This process of learning to live in a family which is also part of a broader society is a key feature of child
development which has been carefully studied over many years. Some of the most influential theories
explaining how children acquire social and emotional understanding during their early years are discussed
below.
Attachment theory
Bonding between a child and its mother begins in the womb, and Figure 1 identifies some of the elements
which help the newborn infant to consolidate this special bond.
Figure 1 Features which promote attachment (Inspired by Bulman & Savory, 2006)

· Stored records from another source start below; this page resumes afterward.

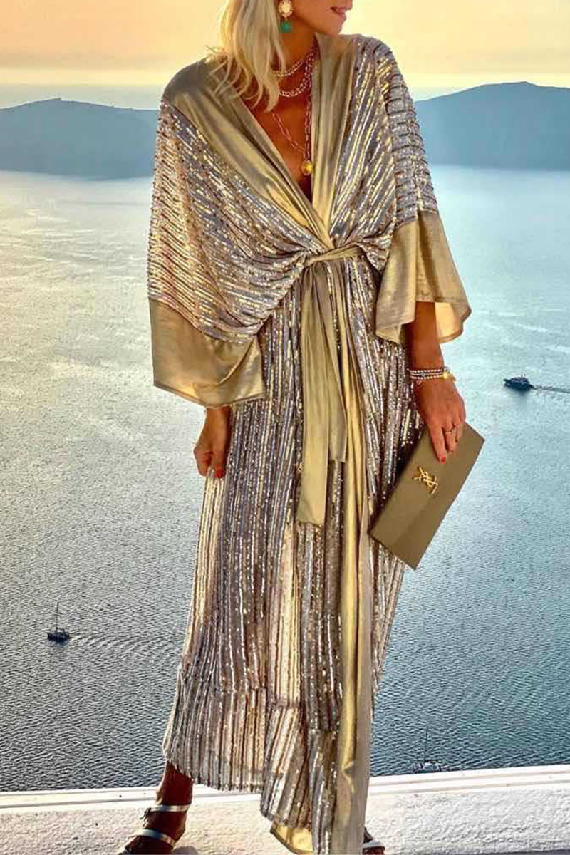Casual Patchwork Sequins V Neck Waist Skirt Dresses(3 Colors)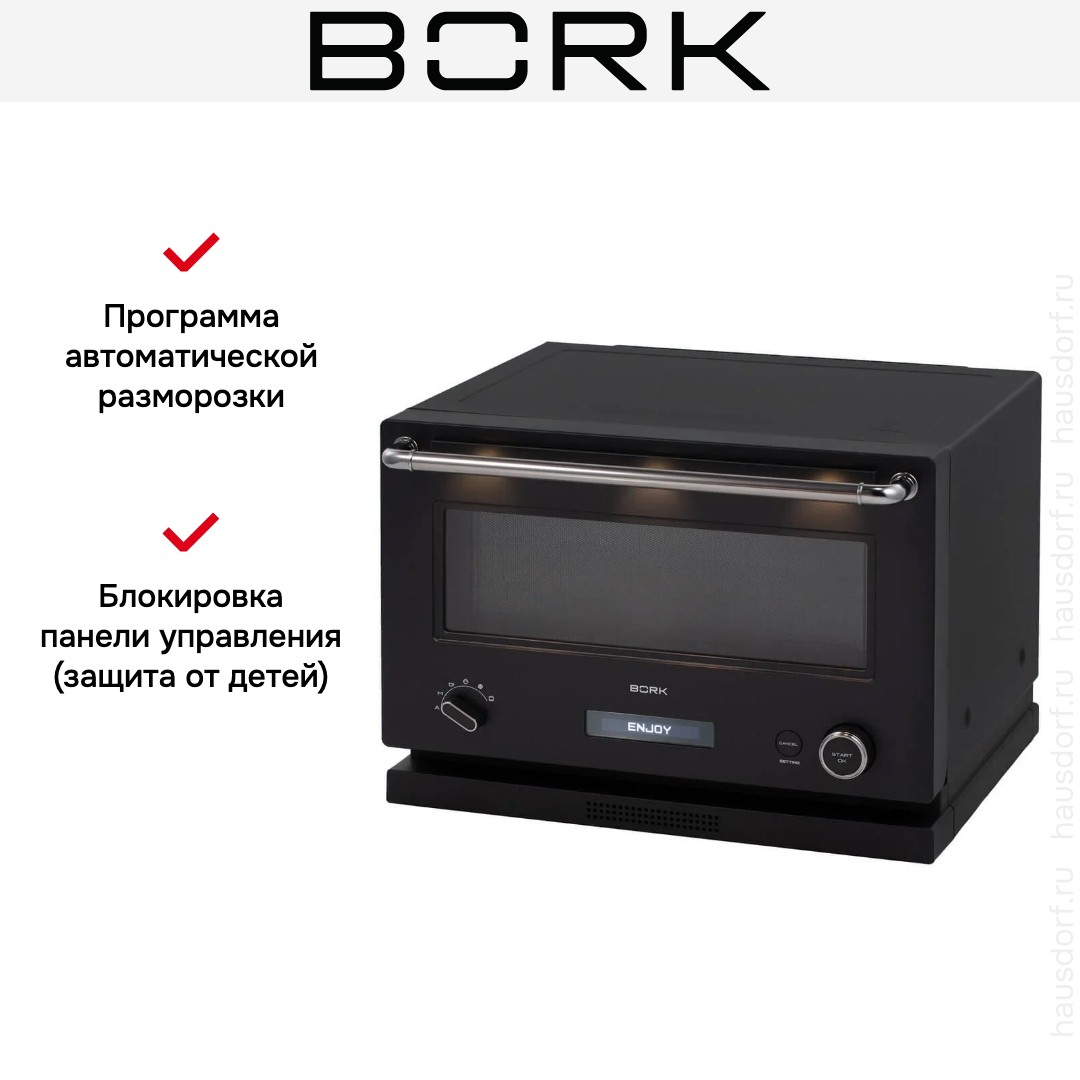 Отдельностоящая микроволновая печь BORK W750 bk — компактное и полезное дополнение к уже имеющейся кухонной технике. Ее можно установить на шкаф, на свободную столешницу, но не рекомендуется ставить на другие приборы, например, холодильник. Цвет этой модели: черный.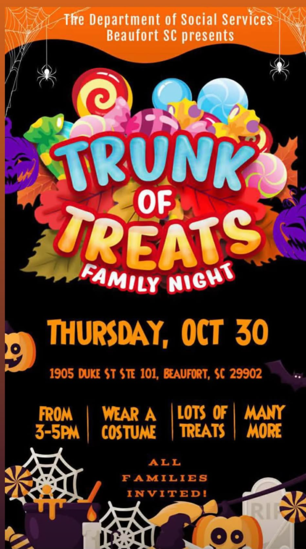 Thu., Oct. 30 | 3–5 pm | 1905 Duke St, Ste 101, Beaufort | Family friendly trunk or treat hosted by Beaufort County DSS with decorated trunks, costumes, candy, and more.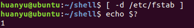 huanyu@ubuntu:~/shell$ [ -d /etc/fstab ]huanyu@ubuntu:~/shell$ echo $?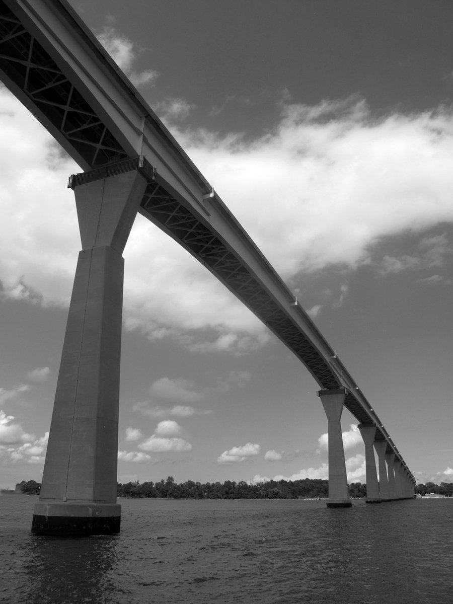 Excellent example of a "vanishing point" image. I really like the angle of the bridge and it that shows how high that it is. I would remove the thin poles above the bridge and the white area at the waterline on the far left. I like the tone of your original image better that your second image. |
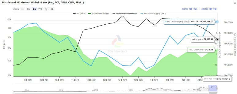 이것은 저번주 글로벌 M2 통화량. 이번주 것을 살짝 수정한듯한....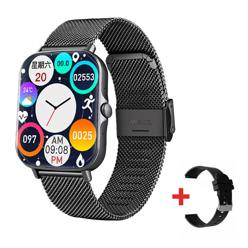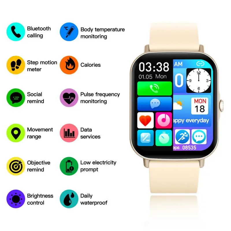 1.[Main functions]: Call, play music, body temperature monitoring, sleep monitoring, heart rate monitoring, blood pressure, blood oxygen, step counting, distance, calories, stopwatch, multi-sport modes (walking, running, cycling, basketball, football , badminton, skipping rope, table tennis, tennis, baseball, yoga), call reminder, message reminder, alarm clock reminder, sedentary reminder, drink water reminder, medicine drink reminder, remote control photo, raise your wrist to brighten the screen, etc.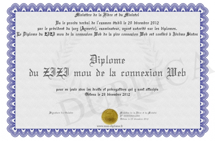 Envoyez par email votre Diplôme du ZIZI mou de la connexion Web personalisé
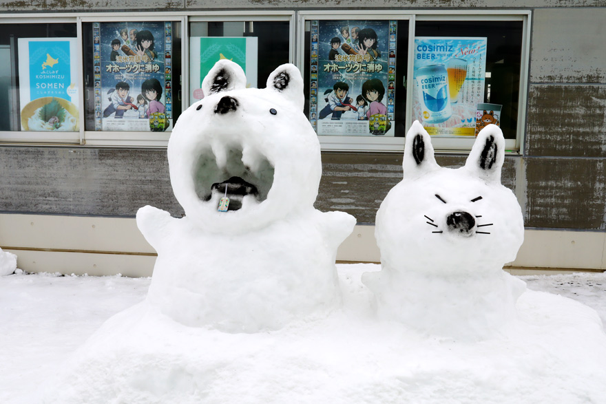〔 釧網本線 浜小清水駅 動物の雪ダルマの口の中にはお守りが! R. 7. 2. 13 撮影 〕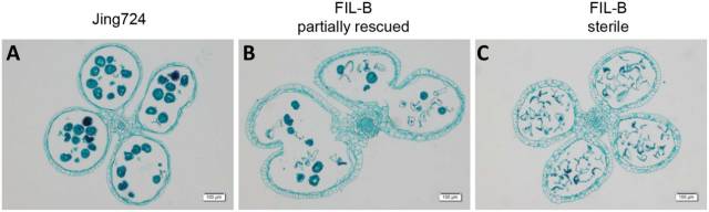 2、顯微鏡下觀察花粉小孢子:在育性部分恢復的植株中只有一部分的小孢子呈現(xiàn)在正常形態(tài),而在不育植株中無正常形態(tài)小孢子。(Fig 3.)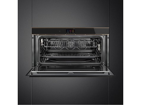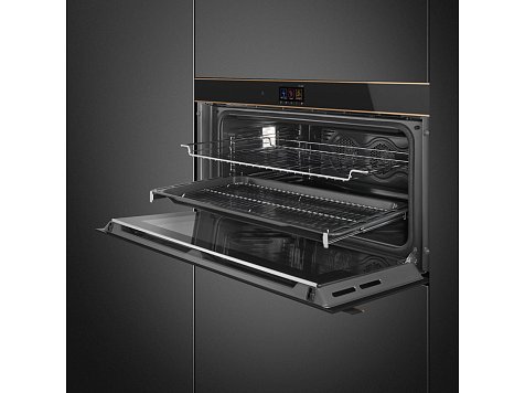 Духовой шкаф Smeg SFPR9604TNR из коллекции Dolce Stil Novo выполнен в черном цвете. Дизайн прибора дополняют медные профили. Модель шириной 90 см обладает объемом в 85 литров, что позволяет комфортно готовить несколько блюд сразу или, например, запекать индюшку целиком. Удобное управление при помощи сенсорного дисплея обеспечивает быструю настройку параметров работы устройства: выбор режима приготовления, температуры, времени, а также таких функций, как отложенный старт или размораживание.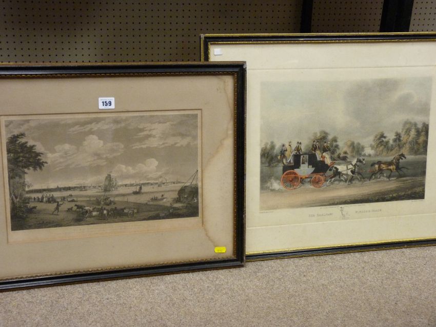 R G REEVE engraving - 'The Taglioni Windsor Coach' and an engraving of Liverpool Harbour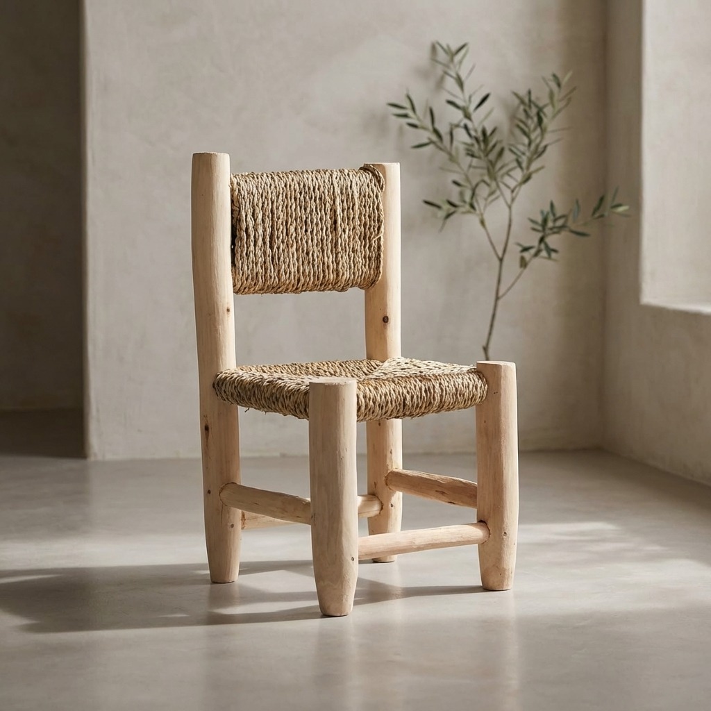 ¿Buscas ese toque rústico y auténtico para tu hogar? Esta silla de madera y esparto es justo lo que necesitas 😊 Fabricada a mano por artesanos marroquíes, cada pieza es única e irrepetible. Su tamaño compacto la hace perfecta como asiento auxiliar, decoración o incluso como soporte para plantas. El asiento de esparto natural aporta esa calidez que tanto nos gusta, mientras que la estructura de madera garantiza resistencia y durabilidad. Dale a tu rincón favorito ese aire mediterráneo que enamora ✨

John Bowlby’s attachment theory proposes that the establishment of relationships with caregivers is a
critical feature of child development which has a lifelong influence on social relationships. Defining
attachment as a ‘lasting psychological connectedness between human beings’, Bowlby (1980) believed
‘the propensity to make strong emotional bonds to particular individuals (is) a basic component of human
nature’ and identified four characteristic features of this phenomenon which are illustrated in Figure 2
below:
Figure 2 Bowlby’s characteristics of attachment
In support of his observations, Bowlby noted that a child able to rely on a primary carer was less fearful
than those lacking such reassurance. He also asserted this confidence was the outcome of healthy
development from the infant to the adolescent stage and had a lifelong effect. Moreover, Bowlby was
sure this was a learned expectation: because a carer has been responsive, a carer will always be
responsive.
In addition to bonding with a mother figure, a child will also form multiple close ties with other family
members. These relationships all help the developing child to feel secure – which is one reason why early
years settings encourage each child to develop an attachment to a regular carer. Despite this grounding,
the emergence of separation anxiety at around six months of age is a feature of normal development
which may continue until the toddler is three years old. During this extended period, outlined in Figure 3,
a child may cry and show signs of distress whenever the mother, or another principal carer, leaves. This
phenomenon should never be viewed as a social regression. It tends to occur in part because, even though
an infant’s social and emotional awareness is growing, there is still only a limited understanding of ‘object
permanence’: thus if any object is seen to disappear, for the child there is, as yet, no certainty that it will
ever reappear.
Figure 3 The typical emergence of separation anxiety
Freud’s psychodynamic theory
One of the infant’s major developmental tasks is gaining the ability to function as a separate individual. In
the earliest months, the child is totally dependent upon its mother before then gradually becoming
‘egocentric’ and able to think about and express its own needs. Freud saw this as a tripartite,
psychodynamic process involving the sequential appearance of three elements – the id, the ego, and the
superego.
According to Freud (1910), the id is the most primitive and instinctive part of the human personality which
responds directly to perceived wants and needs, and is therefore present from birth. Developing
considerably later, the superego is a moralistic conscience which is able to consider the views of others,
and the ego’s developing role is to moderate the tension between these two often-conflicting
perspectives. In combination, these elements determine the important features of an individual’s
personality.
‘Any function in the child’s cultural development appears twice… First it appears on the social plane, and
then on the psychological plane.’
Whilst both Piaget and Vygotsky describe children as active, hands-on learners, Piaget believed child
development was universal, whilst Vygotsky maintained each culture provides different ‘tools of
intellectual adaptation’. Thus, for example, some societies rely on note-taking to store information,
whereas oral cultures value memorization and rote learning – an idea which has implications for teachers
in multicultural contexts.
For Vygotsky, child learners had a ‘zone of proximal development’ (depicted in Figure 5) representing all
the skills and knowledge a child alone cannot presently understand, but is potentially capable of learning
through some form of guided social interaction. This concept explains, for example, why a child appears
to lack certain knowledge, yet demonstrates the expected competence with prompting, or often just in
the presence of a teacher or other learners.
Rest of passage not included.